● **Exercise aim**
Take the entries below and print, exactly, the stretch from the line containing "20. ožujka 1918." through the line containing "очень рад, что", both included.

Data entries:
____

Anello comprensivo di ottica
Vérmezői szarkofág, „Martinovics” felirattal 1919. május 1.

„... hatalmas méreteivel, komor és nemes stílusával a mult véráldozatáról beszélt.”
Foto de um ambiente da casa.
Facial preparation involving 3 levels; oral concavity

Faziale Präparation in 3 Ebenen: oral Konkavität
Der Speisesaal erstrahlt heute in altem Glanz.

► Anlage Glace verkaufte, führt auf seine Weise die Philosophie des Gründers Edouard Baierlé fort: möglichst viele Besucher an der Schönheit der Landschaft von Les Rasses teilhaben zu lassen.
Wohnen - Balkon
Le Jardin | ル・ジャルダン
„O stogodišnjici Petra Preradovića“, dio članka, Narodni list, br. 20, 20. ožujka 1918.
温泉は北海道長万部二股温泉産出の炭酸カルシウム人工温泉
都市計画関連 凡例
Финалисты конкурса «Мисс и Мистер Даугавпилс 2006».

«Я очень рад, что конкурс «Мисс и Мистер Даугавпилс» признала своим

____

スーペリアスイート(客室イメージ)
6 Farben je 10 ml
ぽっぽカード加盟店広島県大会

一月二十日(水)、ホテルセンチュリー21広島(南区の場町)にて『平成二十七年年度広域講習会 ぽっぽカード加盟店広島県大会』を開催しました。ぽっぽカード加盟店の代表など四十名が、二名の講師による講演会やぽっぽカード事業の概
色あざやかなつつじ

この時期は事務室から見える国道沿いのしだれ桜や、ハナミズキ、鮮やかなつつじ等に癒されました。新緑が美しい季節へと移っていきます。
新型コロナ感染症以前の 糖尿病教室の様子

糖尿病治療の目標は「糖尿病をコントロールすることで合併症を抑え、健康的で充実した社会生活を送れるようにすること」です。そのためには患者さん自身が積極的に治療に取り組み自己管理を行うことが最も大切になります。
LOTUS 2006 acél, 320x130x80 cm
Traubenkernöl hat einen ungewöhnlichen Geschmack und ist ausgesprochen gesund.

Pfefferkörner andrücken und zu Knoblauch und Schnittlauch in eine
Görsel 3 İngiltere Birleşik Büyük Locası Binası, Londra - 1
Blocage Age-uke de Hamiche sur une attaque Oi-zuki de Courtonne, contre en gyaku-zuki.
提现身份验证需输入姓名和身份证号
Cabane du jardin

____

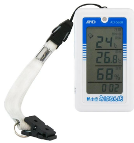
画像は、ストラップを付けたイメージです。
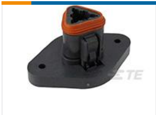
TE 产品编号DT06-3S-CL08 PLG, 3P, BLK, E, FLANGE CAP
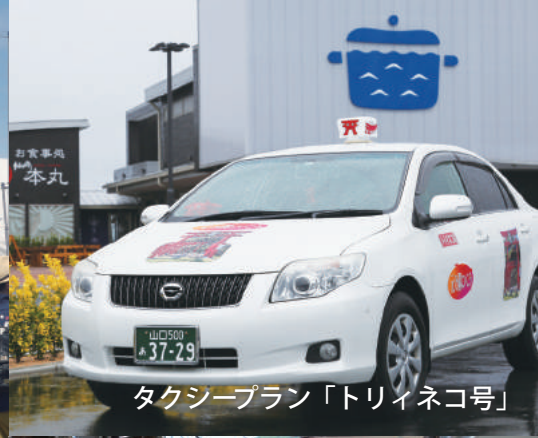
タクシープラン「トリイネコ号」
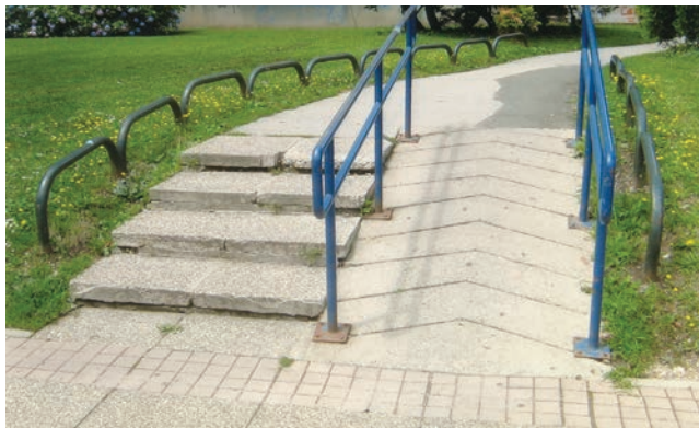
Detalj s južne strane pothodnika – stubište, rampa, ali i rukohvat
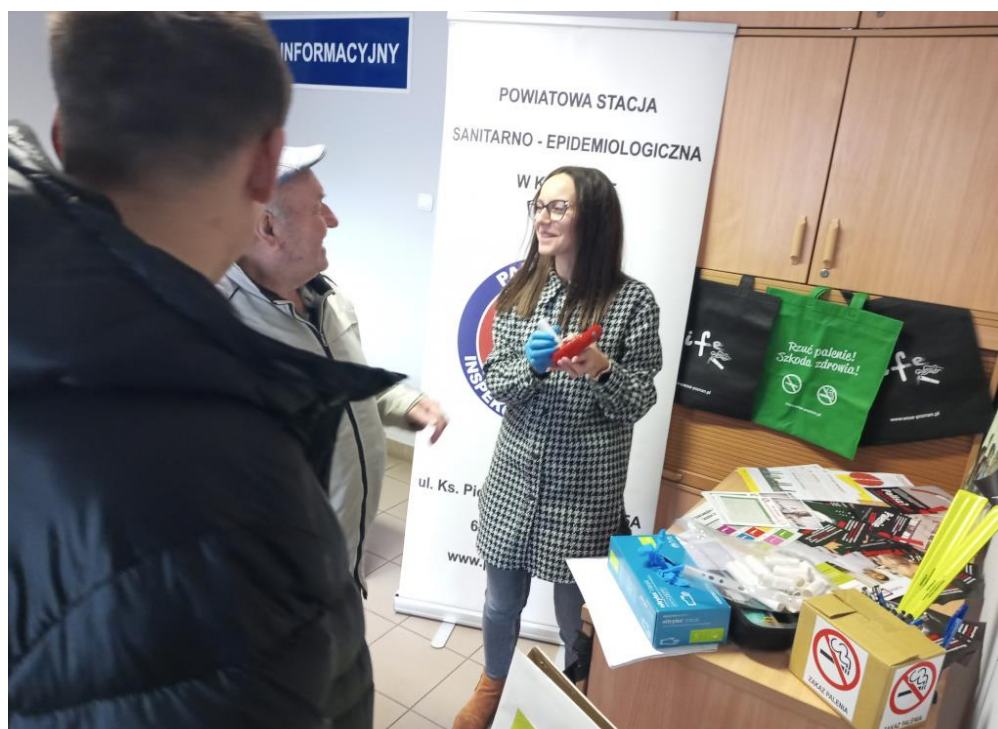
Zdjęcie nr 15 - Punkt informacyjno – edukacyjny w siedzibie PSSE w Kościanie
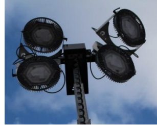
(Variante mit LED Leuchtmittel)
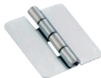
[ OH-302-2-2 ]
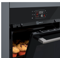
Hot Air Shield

____

● **Response to the task**
„O stogodišnjici Petra Preradovića“, dio članka, Narodni list, br. 20, 20. ožujka 1918.
温泉は北海道長万部二股温泉産出の炭酸カルシウム人工温泉
都市計画関連 凡例
Финалисты конкурса «Мисс и Мистер Даугавпилс 2006».

«Я очень рад, что конкурс «Мисс и Мистер Даугавпилс» признала своим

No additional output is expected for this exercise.